LinuxQuestions.org

LinuxQuestions.org (/questions/)
-   Linux - Newbie (https://www.linuxquestions.org/questions/linux-newbie-8/)
-   -   sort large data in large file - commands (https://www.linuxquestions.org/questions/linux-newbie-8/sort-large-data-in-large-file-commands-4175444819/)

smithy2010 01-09-2013 08:44 AM

sort large data in large file - commands
 
Hi there,

I have a document (700MB) that contains about 2-3 million lines of data,

Data format is like this:

xxx.yyy.zzz.aaa (IP address) date/time url link some numbers more numbers TCP_xxx:yyy

The ip address are in internal IP range and each IP address may be repeated several hundreds of times.
My aim is to sort IP addresses in some order (run sed command maybe) so that same IP address are grouped one below other etc….I want to sort report by IP address not by name and I don’t want to delete duplicates.
I had a go by using sed command but I got stuck. I run split command and broken down file to 20MB size, but still not joy, I just multiplied my problem.
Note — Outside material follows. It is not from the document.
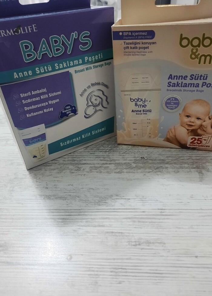 Dermolıfe babys ve baby me anne sütü saklama poşeti Dermolıfe içinde 1 adet kullanıldı 19 adet mevcut Baby me 13 adet var sorunsuz

Can someone advice on how to the archive above please.

Thank you in advance

Denis

schneidz 01-09-2013 08:45 AM

i think the sort command would be adequate.

theNbomr 01-09-2013 09:25 AM

Yes, sort sounds like all you need. Use the '-n' option to make it use numeric, rather than alphabetic order. It could take a while.
--- rod.

shivaa 01-09-2013 12:37 PM

Well, first thing is that there's no poing of sorting IP addresses, as they're simple numbers (and not any index like 1, 2, 3...), so no meaning of sorting like lower to hight or higher to lower. But in your case, I guess you want to sort (infact, extract) only unique IP addresses.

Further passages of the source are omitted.